On Media Coverage of Health & Illness
Over at the incomparable Health Beat Blog, Maggie Mahar does an excellent job summarizing the implications of several new articles published in PLoS Medicine on the woeful state of media coverage of health care and biomedical research.
We've noted our concern with these issues on several occasions here on MH Blog. Mahar writes:
the journal’s editors summarize what the Health News Review has discovered over the past two years while evaluating medical stories about new products and procedures throughout the mainstream media.
“It’s not a pretty picture,” says Gary Schwitzer, the University of Minnesota School of Journalism professor who publishes the online project.
In a video linked to the Health News Review website, Schwitzer points out that “about 65% of the time” major news organization are not telling viewers and readers how “big the potential harms” of new treatments are–or “how small the potential benefits.”
Meanwhile, about three-quarters of the stories about a new product or procedure fail to talk about how much the idea costs. “At a time when the U.S. is spending 16 percent of GDP on healthcare, I find this unfathomable,” says Schwitzer. “No one is asking: ‘How are we going to pay for it?’; ‘Who will have access to these things’?; ‘Who’s to say that we even need some of these things? This is what we need to discuss.”

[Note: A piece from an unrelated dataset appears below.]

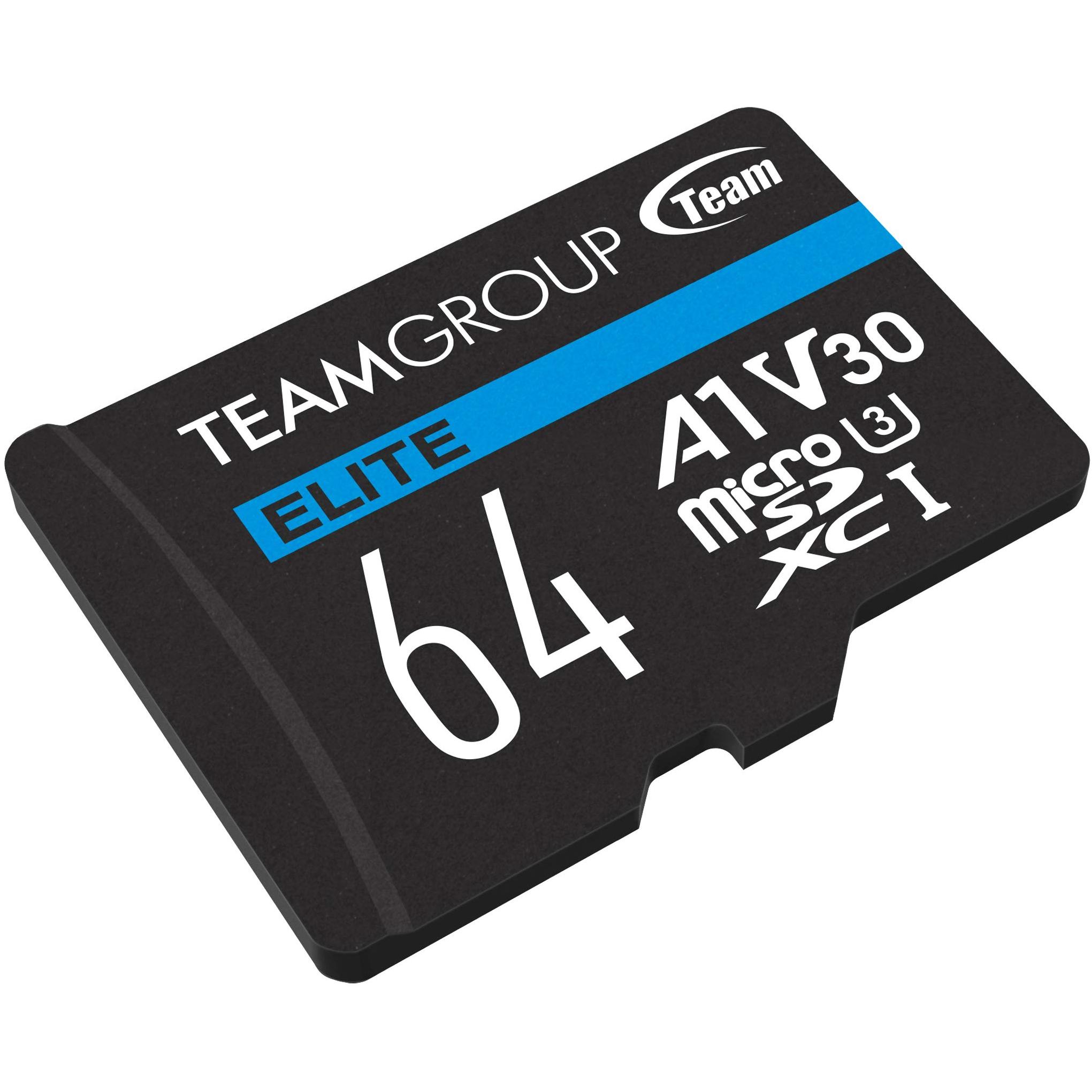 Team Group Team ELITE A1 - Scheda di memoria flash (adattatore SD incluso) (64 GB, microSD, U3, UHS-I), Scheda di memoria, Nero

Ultimately, “these stories are painting a ‘kid in the candy-store’ picture of US health care,” Schwitzer charges, “whereby everything is made to look terrific, risk-free, and without a price tag. Nothing could be further from the truth.”
Indeed. In the accompanying editorial, the PLoS Medicine editors note that "the report card from HealthNewsReview.org is grim. Most stories (62%-77%) failed to adequately address costs, harms, benefits, the quality of evidence, and the existence of other treatment options."
From a MH perspective, it's important to see that the media is a discursive process, which means that if there is a widespread practice of overstating hopes and understating fears, that practice reflects a number of social and cultural norms that converge to create a journalistic culture in which such reporting becomes standard. As such, an important question to ask is what norms animate these practices? Especially if we want to work at correcting the purveyance of "false hopes" and "unwarranted fears" in media coverage of health care and research, it seems important to understand better why such practices are commonplace to begin with.
Offhand, I tend to think there are some strong cultural and social forces at work in general, related to the awesome legitimizing power of science, and the quasi-shamanistic role of the professional healer as salvation incarnate (the religious studies term for an ethos centered on salvation is "soteriological"). The vulnerable sick person invests so much in their professional healer, and the rescue narrative also fulfills a number of social, political, and cultural niches for the healer as well.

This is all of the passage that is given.